Con la sencillez propia de Marcos, nos relata la revolución de Cafarnaúm: “Al anochecer, cuando el sol se ponía le llevaron a todos los enfermos y poseídos del demonio, y todo el pueblo se apiñó junto a la puerta. Curó a muchos enfermos de diversos males y expulsó a muchos demonios”. Podemos imaginarnos al poblado de Cafarnaúm, un pobladito al fin y al cabo, frente al Cristo que quita el aislamiento en el que se veían sumidos los enfermos, incluso por motivos religiosos, recordemos por ejemplo el caso de los leprosos, que eran materialmente echados fuera, sin ninguna consideración. Cristo los tomará de la mano, los levantará, y sus apóstoles les dará consignas: “Ellos fueron a predicar, ungían a los enfermos y los curaban”, “Curen a los enfermos y díganles: El Reino de Dios está cerca de ustedes”, Estaba enfermo y me visitaron”. Cristo será el médico pero sobre todo el Salvador.
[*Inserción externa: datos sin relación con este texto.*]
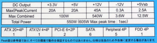 配分は12Vシングルレーンとなっています。ST-850Z-AFはデュアルレーンで、当時は持てはやされていましたが、ST-850Z-AFは分配にやや難があったために少し使いにくい電源になっていました。元が安定している電源なら、やっぱりシングルレーンがいいですねʕ´ᴥ`ʔ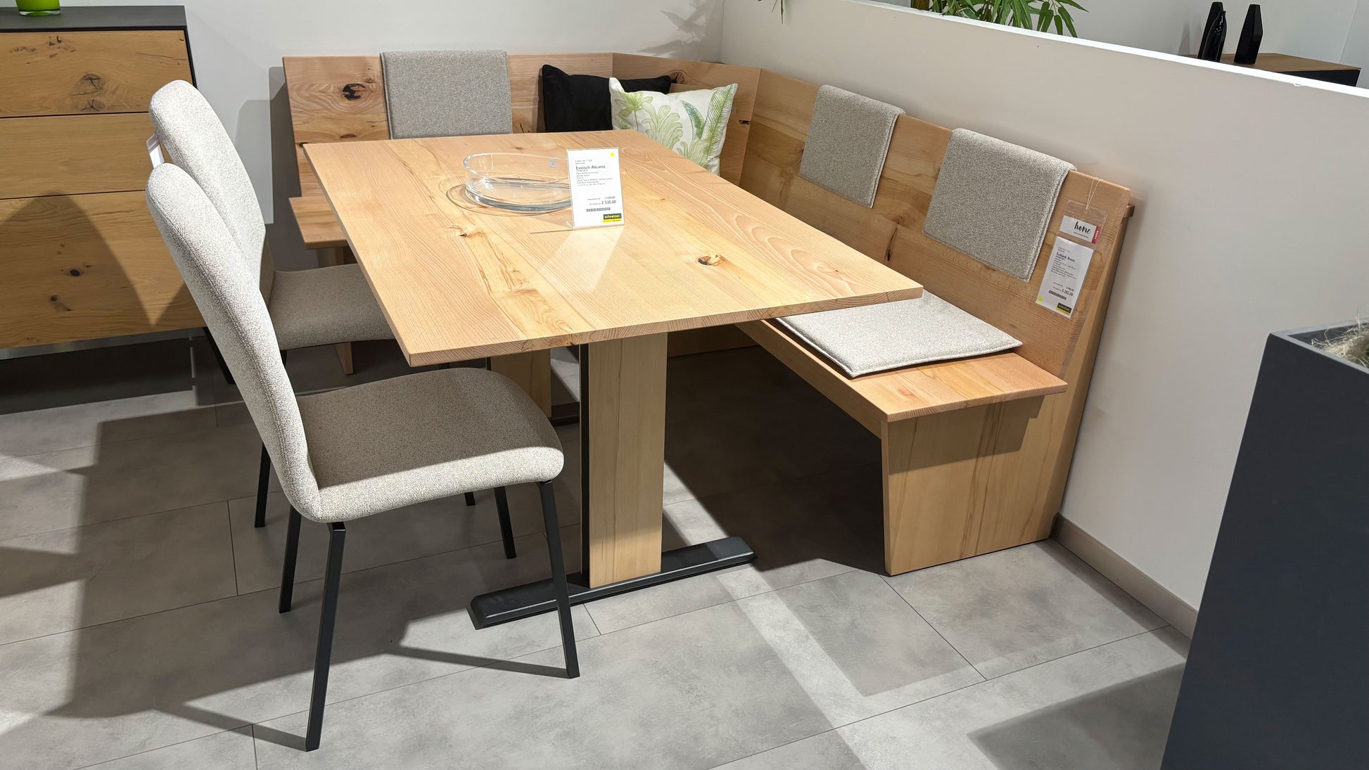 Diese hochwertige Tischgruppe AROSA verbindet traditionelles Handwerk mit moderner Wohnlichkeit. Gefertigt aus massiver Wildkernbuche, überzeugt sie durch natürliche Materialien, cleveren Stauraum und stilvolle Details. Die Eckbank mit Sitztruhen bietet nicht nur Platz für Familie & Gäste, sondern auch praktischen Stauraum – ergänzt durch passende Sitz- und Rückenkissen in edlem Stoff Wicotex sol white pepper sowie zwei stilvolle Stühle im gleichen Bezug.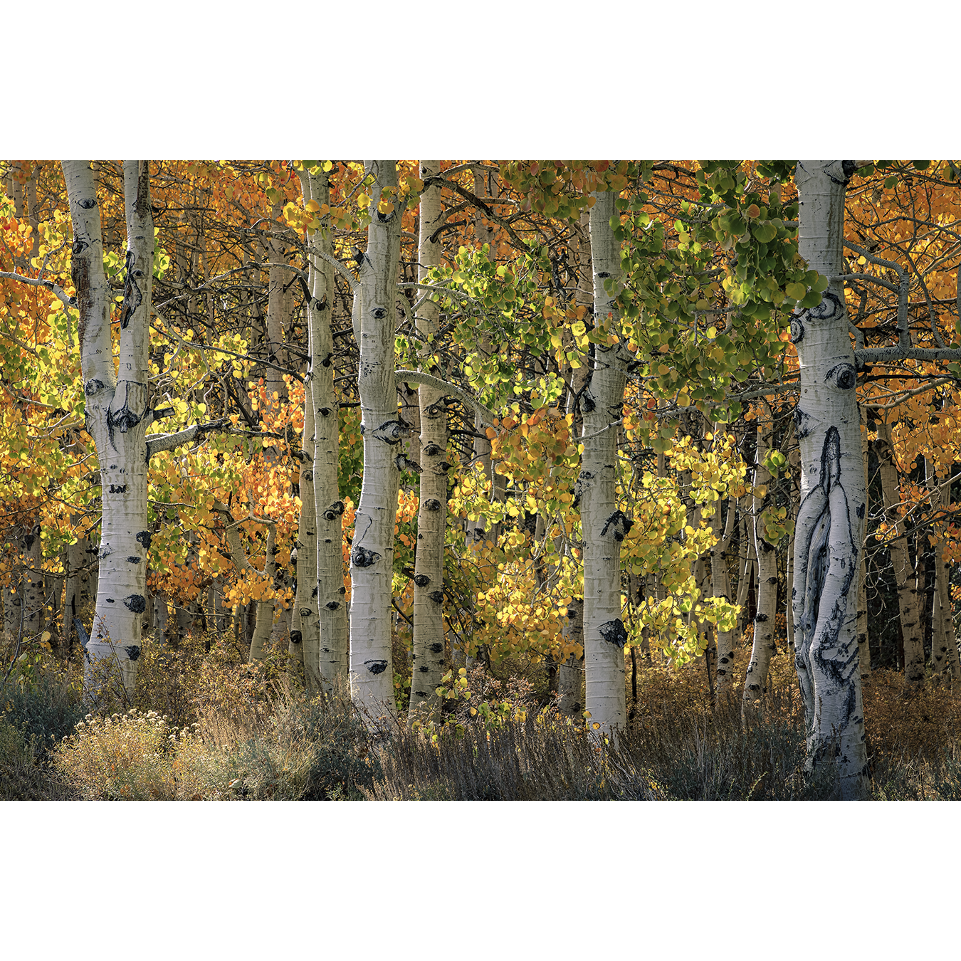 When people talk about fall color in the western US, they refer to the changing Aspen leaves. In Aspendell, a suburb of Bishop, California, I found a stand of Aspen that was peaking, as you can see the full range of color in this one section of trees. A couple hundred feet of elevation higher and the leaves were nearly gone, a couple hundred feet lower and there was no color shift. So, for this location it was perfect timing!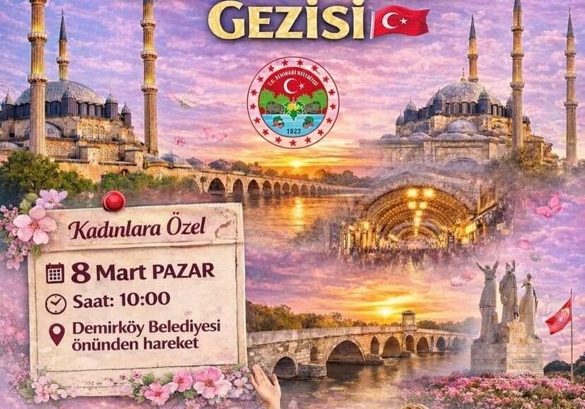 Demirköy Belediyesi tarafından 8 Mart Dünya Kadınlar Günü’ne özel kadınlara yönelik Edirne Tarihi ve Kültürel Gezi Programı düzenlenmektedir. 8 Mart Pazar günü saat 10:00’da Demirköy Belediyesi önünden hareket edilecek program kapsamında Selimiye Camii, Eski Cami, Üç Şerefeli Cami, Meriç Köprüsü,...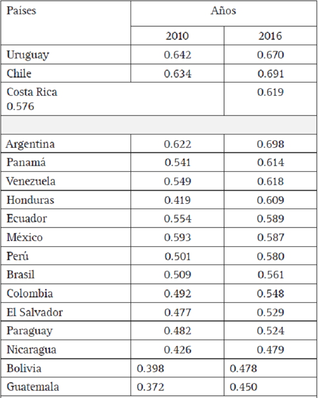 En el año 2010 el respectivo informe señalaba “América Latina y el Caribe es la región más desigual del mundo. La desigualdad no sólo es alta, sino también muy persistente”;20 el más reciente de informe de 2016 reitera esta situación. Como se observa en la tabla 2, aun los países con mejores indicadores presentan severas limitaciones en el desarrollo humano y grandes brechas en la distribución de la riqueza. Los datos muestran que la acción estatal y las políticas públicas no propician un acceso general a bienes y servicios ni condiciones propicias para un mejoramiento en las condiciones de vida de la gente. Se reiteran las diferencias entre los tres países de mayor estatalidad del resto de naciones (con los casos intermedios ya señalados de Argentina y Panamá) y, con valores muy inferiores para la región andina y Centro América.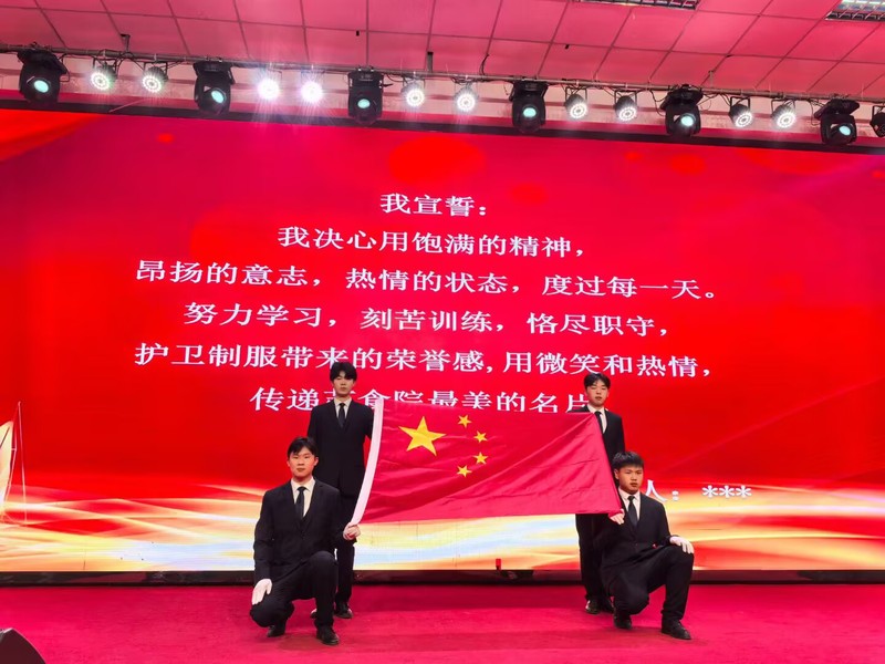 2022级实习生代表和2024级员工代表也进行了发言,表达了对高铁客运服务专业的热爱和对未来职业的美好憧憬。她们一致表示,将更加努力学习,不断提升专业技能,为将来从事的工作岗位打好更加坚实的基础。与会领导和合作企业嘉宾为员工逐一整理制服。员工正装肃立,高举右手进行了宣誓。员工表示将用饱满的精神、昂扬的意志,努力学习,刻苦训练,恪尽职守,护卫制服带来的荣誉感,用微笑和热情传递苏食院最美的名片。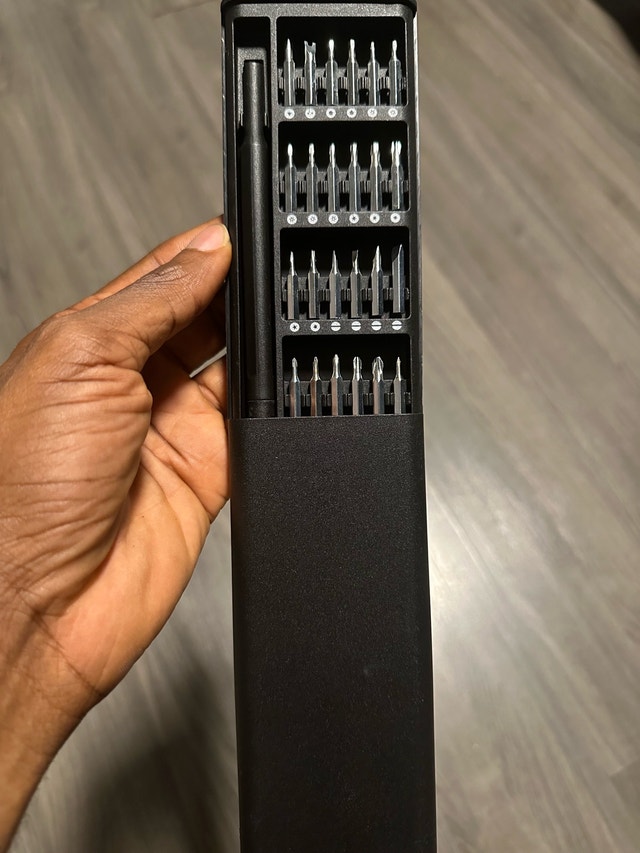 This portable screwdriver set includes 24 bits. It's a compact and versatile tool, perfect for various repair and maintenance tasks. All the bits are present and accounted for. Never used. Pickup. No holds

Por la madrugada, cuando todo mundo dormía, Cristo ya se encontraba en oración y los apóstoles, queriendo azuzar su fama y su popularidad, le fueron a decir que todo mundo lo andaba buscando. “¿A sí?”, respondería Cristo, pues entonces vamos a los pueblos vecinos a predicar también allá el Evangelio, pues para eso he venido. Y recorrió toda Galilea, predicando en las sinagogas y expulsando a los demonios”. Bendito Dios que así nos regaló con un Cristo incontenible desde entonces. Atrás quedaba Nazaret y ahora también Cafarnaúm, y Cristo se entregaba desde entonces a todo el mundo. Y de una forma gratuita, como son las grandes cosas, el amor, la amistad, el gesto solidario en los momentos de soledad o de abandono, la felicidad que se comparte, la sonrisa de un niño, el desvelo de una madre, la inquietud maravillosa de los jóvenes y de los novios, sobre todo en este mundo en que se ha fabricado una industria que pretende vender amor, y dicha y felicidad, pero sin poder conseguirlo porque está fuera del alcance de un puñado de dinero.
Bien haremos nosotros en correr al encuentro con Cristo llevando nuestras enfermedades y uno que otro demonio que se nos ha metido, para que él nos libre y nos haga vivir como verdaderos hijos en el Reino. Llevarle el demonio de la desesperanza, de la depre, del aborto, de hijos habidos al garete, de matrimonios deshechos porque matamos al amor y sobre todo una vida sin ley, sin mandamientos y sin Dios.